The address Miss Lockwood had given him was in a small street off the Hampstead Road. That strange long line of street, with here and there a handful of older houses, a broader pavement, a bit of dusty garden, to show the suburban air it once had possessed; its heterogeneous shops, furniture, birdcages, perambulators, all kinds of out-of-the-way wares fled past the wayfarer, taking wings to themselves, he thought. It is not an interesting quarter, and Edgar had no time to give to any picturesque or historical reminiscences. When he reached the little street in which the chapel he sought was situated, he walked up on one side and down on the other, expecting every moment to see the building of which he was in search. A chapel is not a thing apt to disappear, even in the changeful district of Camden Town. Rubbing his eyes, he went up and down again, inspecting the close lines of mean houses. The only break in the street was where two or three small houses, of a more bilious brick than usual, whose outlines had not yet been toned down by London soot and smoke, diversified the prospect. He went to a little shop opposite this yellow patch upon the old grimy garment to make inquiries.

“Chapel! there ain’t no chapel hereabouts,” said the baker, who was filling his basket with loaves.

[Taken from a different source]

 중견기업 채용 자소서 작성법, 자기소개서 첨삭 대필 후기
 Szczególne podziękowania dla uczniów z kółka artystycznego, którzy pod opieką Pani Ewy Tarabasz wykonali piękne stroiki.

“Hold your tongue, John,” said his wife, from the inner shop. “I’ll set you all right in a moment. There’s where the chapel was, sir, right opposite. There was a bit of a yard where they’ve built them houses. The chapel is behind; but it ain’t a chapel now. It’s been took for an infant school by our new Rector. Don’t you see a little bit of an entry at that open door? That’s where you go in. But since it’s been shut up there’s been a difference in the neighbourhood. Most of us is church folks now.”

“And does nothing remain of the chapel—nobody belonging to it, no books nor records?” cried Edgar, suddenly brought to a standstill. The woman looked at him surprised.